Não fosse tão grave o assunto, seria possível dizer, com ironia, que ao menos desta vez os senadores acrescentaram à velha tentativa uma estratégia nova: proibir que veículos de imprensa contratem institutos que tenham prestado serviços a partidos ou órgãos públicos até um ano antes das eleições.
Trata-se apenas de outra forma de buscar o mesmo fim. Pretende-se suspender ou apequenar um direito básico dos cidadãos –o do livre acesso à informação– em nome de temores, preconceitos e conveniências de políticos profissionais.
Atribui-se ao brasileiro o hábito de dar preferência ao candidato situado à frente nos levantamentos, renunciando a suas reais inclinações em benefício de quem lhe parecer mais próximo da vitória.
Ainda que isso possa ocorrer, a proposta de censurar as pesquisas se fundamenta num princípio equivocado e antidemocrático: o de que é melhor o voto de um cidadão desinformado do que o de um com acesso ao maior número de dados disponíveis sobre a disputa.

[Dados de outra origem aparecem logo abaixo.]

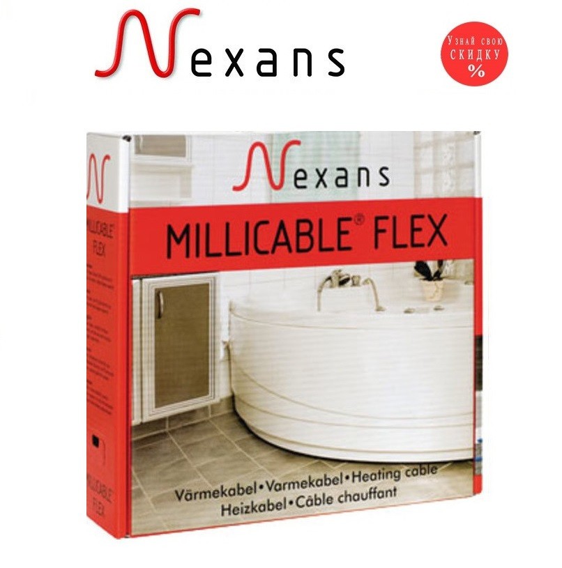 Нагрівальний кабель Nexans Millicable Flex 15 (15Вт/м) 1800 Вт Норвегія — тонкий кабель з екраном із суцільної алюмінієвої трубки (без сітки з клейкою основою) розроблений і виробляються компанією Nexans в Норвегії для системи теплої підлоги, яка монтують безпосередньо під плитку в клей, водночас висота клею буде мінімальна (5-8 мм), тому що тонкий нагрівальний кабель Nexans Millicable Flex 15 (15Вт/м) обладнаний системою БЕЗМУФТОВОГО З'ЄДНАННЯ). З'єднання грючого кабелю з поживним дротом зроблене так, що сама муфта проходить під захисним екраном і зверху прокладена суцільна тефлонова ізоляція. Такий спосіб з'єднання усуває проблеми, пов'язані зі з'єднанням дротів у муфті звичайним способом і перериванням суцільної ізоляції під термоусадковою трубкою. З'єднання без муфти в місці з'єднання холодного та нагрівального кабелів робить кабель абсолютно водонепроникним і ідеальним для використання у вологих приміщеннях.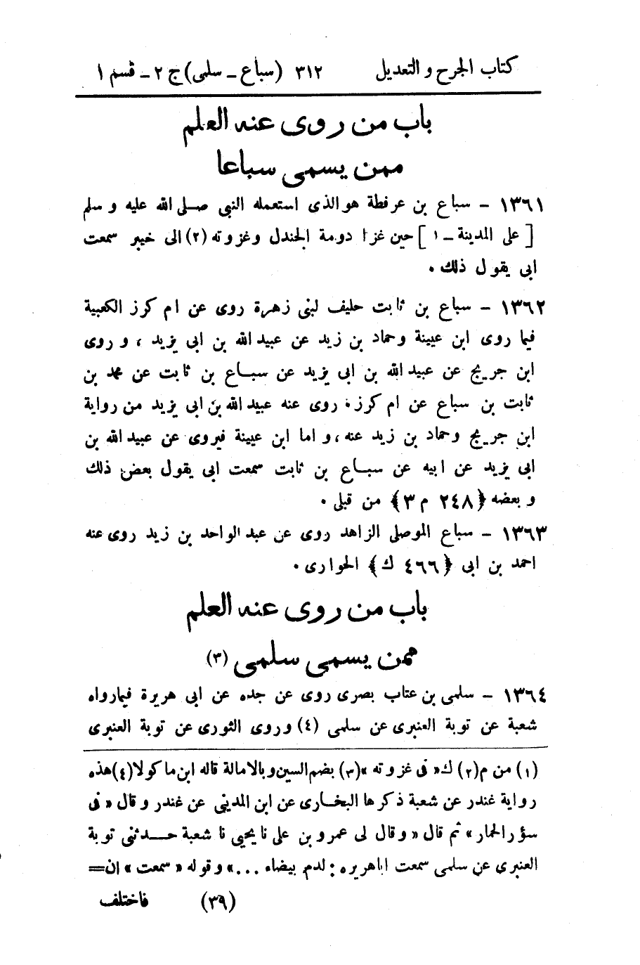 1363 - سباع الموصلي الزاهد روى عن عبد الواحد بن زيد روى عنه أحمد بن ابى (466 ك) الحواري.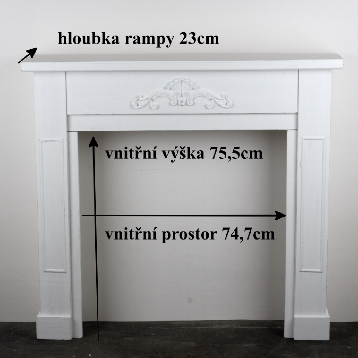 Praktická u tohoto typu krbové římsy je především odkladová plocha hluboká 23cm.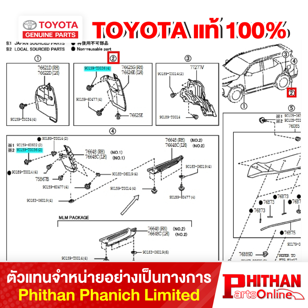 สกรู โตโยต้า SCREW TOYOTA 90159-T0036 76-52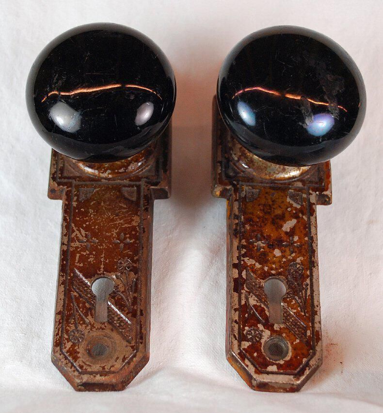 Comments: Matched Pair. Tag with name: "Prouty". Each with Jet Black glazed knob. Each with cast iron escutcheon,Lexicon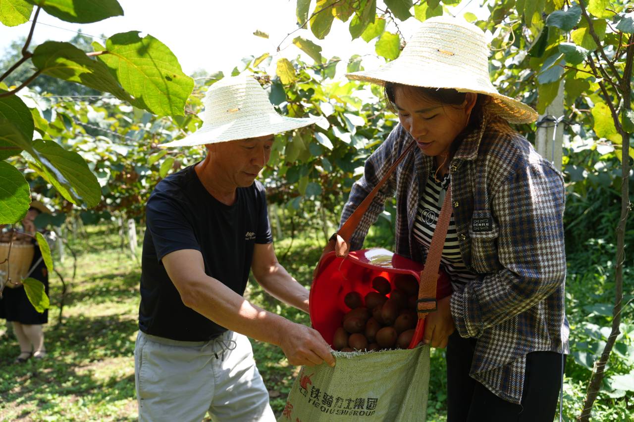 长安社区的景象同样火热。在坪上村民小组的基地里,工人们指尖轻捻,将饱满果实收入背篓;分拣车间内,一颗颗猕猴桃经严格筛选后装箱,即将成为千家万户的“秋日限定甜蜜”。

Valesse esse raciocínio, também poderiam os parlamentares propor que fosse suspensa a circulação de jornais, a exibição de noticiários televisivos e até a troca de ideias na internet. Tudo poderia distorcer a vontade pura do eleitor.
Claro está que controlar a tal ponto as informações e opiniões em curso seria impossível. Feito isso, nada restaria das característica democráticas de que a disputa pudesse se revestir.
A censura às pesquisas seria, ademais, discriminatória. Enquanto um pequeno grupo de políticos, publicitários e formadores de opinião poderia acompanhar os levantamentos dos institutos de sua preferência, a maioria do eleitorado ficaria às cegas sobre as tendências.
Os tribunais eleitorais exercem, de sua parte, uma vigilância sobre pesquisas inidôneas, enfrentando os riscos de manipulação –e o próprio mercado há de selecionar os institutos mais competentes, ciente de que os levantamentos não se confundem com profecias.
Seja como for, nem é certo que o cidadão siga as pesquisas para votar no primeiro colocado. Pode-se considerar que, dada a vitória certa de um candidato que não nos desagrada nem encanta, seja melhor apoiar alguém de perfil mais cortante e definido. Pode-se apostar numa mobilização em favor de segundo colocado, para inverter os resultados à última hora.
Pode-se, por fim, não acreditar nas pesquisas. A julgar pelas tendências do Senado –onde encontram simpatias os agora variados artifícios destinados a restringir ou proibir a circulação de levantamentos de opinião–, muitos parlamentares preferem não acreditar na liberdade do eleitor.